Les Peureux Chevaliers de la Table ronde (1958)
Un cartoon qui transpose l’affrontement entre Bugs Bunny et Sam le Pirate dans un décor médiéval parodique. La quête de l’épée-qui-chante donne lieu à une série de gags classiques, portés par l’énergie de Sam et la malice constante de Bugs.

Satan attend (1954)
Un cartoon qui s’écarte des schémas habituels en plaçant Sylvestre face à la mort, littéralement. Après une chute fatale, il découvre qu’il lui reste huit vies et qu’un bouledogue démoniaque l’attend en Enfer pour les récupérer.

Prenez-en de la graine (1957)
Un cartoon qui joue la carte de l’efficacité pure, avec une série de gags bien enchaînés et quelques inventions ACME plus absurdes qu’à l’accoutumée. Le rythme est soutenu, l’animation fluide, et certaines chutes profitent d’un bon effet de surprise. Un épisode culte.

Speedy Gonzales (1955)
Un cartoon qui marque la véritable naissance du personnage tel qu’il restera dans la mémoire collective : une souris ultrarapide, rusée et intouchable, opposée ici à un Sylvestre dépassé par les événements.

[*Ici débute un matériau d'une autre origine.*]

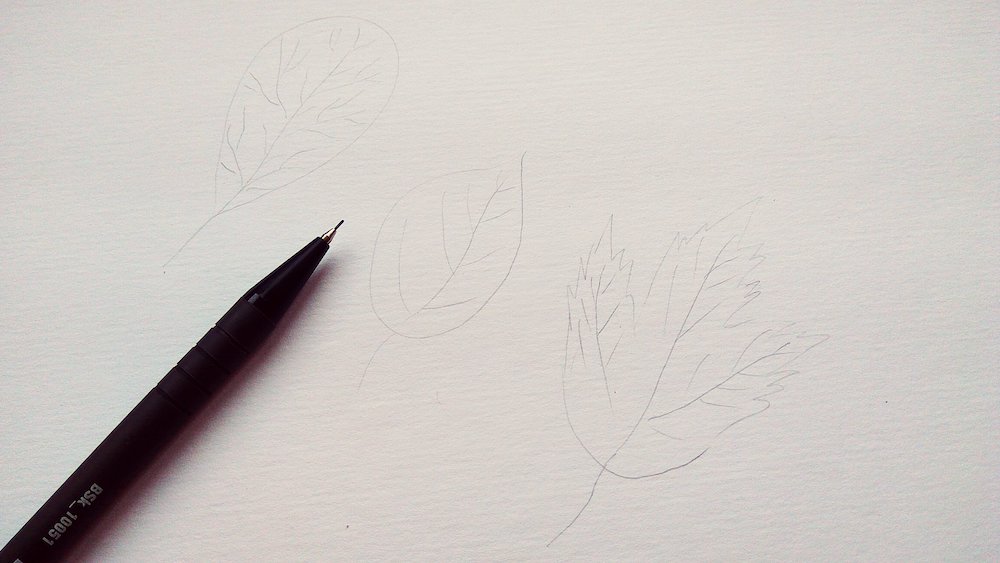 Рекомендуем вам использовать плотную акварельную бумагу. Ее текстура достаточно рыхлая и отлично впитывает воду. Для удобства сразу нанесите легкие эскизы ваших листиков тонким простым карандашом. Их форма может быть абсолютно любой: клен, тополь, береза, каштан, липа, рябина и другие деревья с уникальной кроной. Нарисуйте резные листики или с гладкими краями. Покажите хвостики и прожилки. В дальнейшем нужно заполнять эти рисунки красками.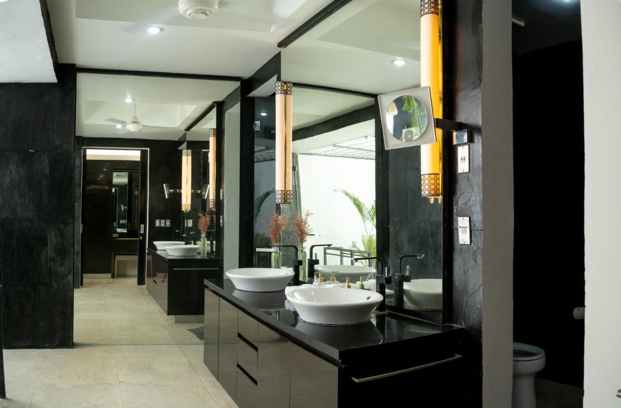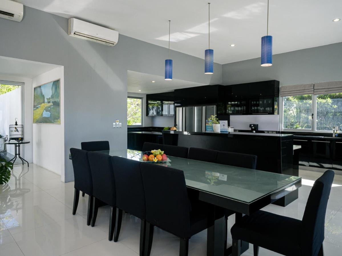 Inside, the villa combines modern comforts with Balinese charm. Air-conditioned bedrooms offer restful retreats, some with ensuite bathrooms equipped with luxurious amenities like bidets, free toiletries, bathrobes, and hairdryers. Each room also has a flat-screen TV and a safe deposit box for added convenience.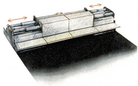 Выглаживающие плиты могут быть оборудованы трамбующим или вибрационным механизмом, или, как показано на рисунке, комбинацией из двух механизмов. Наклонное трамбующие движение, показанное выше, противостоит вертикальному и дает большее уплотняющее воздействие и уменьшает тенденцию дробления каменного материала. Трамбующие и вибрационные выглаживающие плиты Выглаживающие плиты с одновременно действующими системами, трамбующей и вибрационной, следует развивать для увеличения уплотняющего воздействия. Выглаживающие плиты с повышенной степенью уплотнения В настоящее время можно видеть новые типы выглаживающей плиты с повышенной степенью уплотнения, которые работают с использованием большого количества трамбующих и вибрационных элементов, действующих в комбинации. В некоторых случаях отпадает необходимость в укатке после выглаживающей плиты с повышенной степенью уплотнения, например, при укладке слоев, укрепленных цементом. Однако, как правило, все-таки требуется дополнительное уплотнение катками.

Le chef d'orchestre illusionniste (1952)
Réalisé par Tex Avery, ce cartoon confronte un magicien frustré à un chanteur d’opéra imbu de lui-même dans une succession de métamorphoses délirantes. La mise en scène est d’une inventivité folle : rythme parfait, animation élastique, comique visuel à son sommet, malgré quelques imitations culturelles aujourd’hui gênantes.
Gerald McBoing Boing (1950)
Fondatrice dans son approche graphique, l’œuvre impose un style épuré et audacieux, avec ses aplats bicolores et ses compositions géométriques typiques de l’UPA.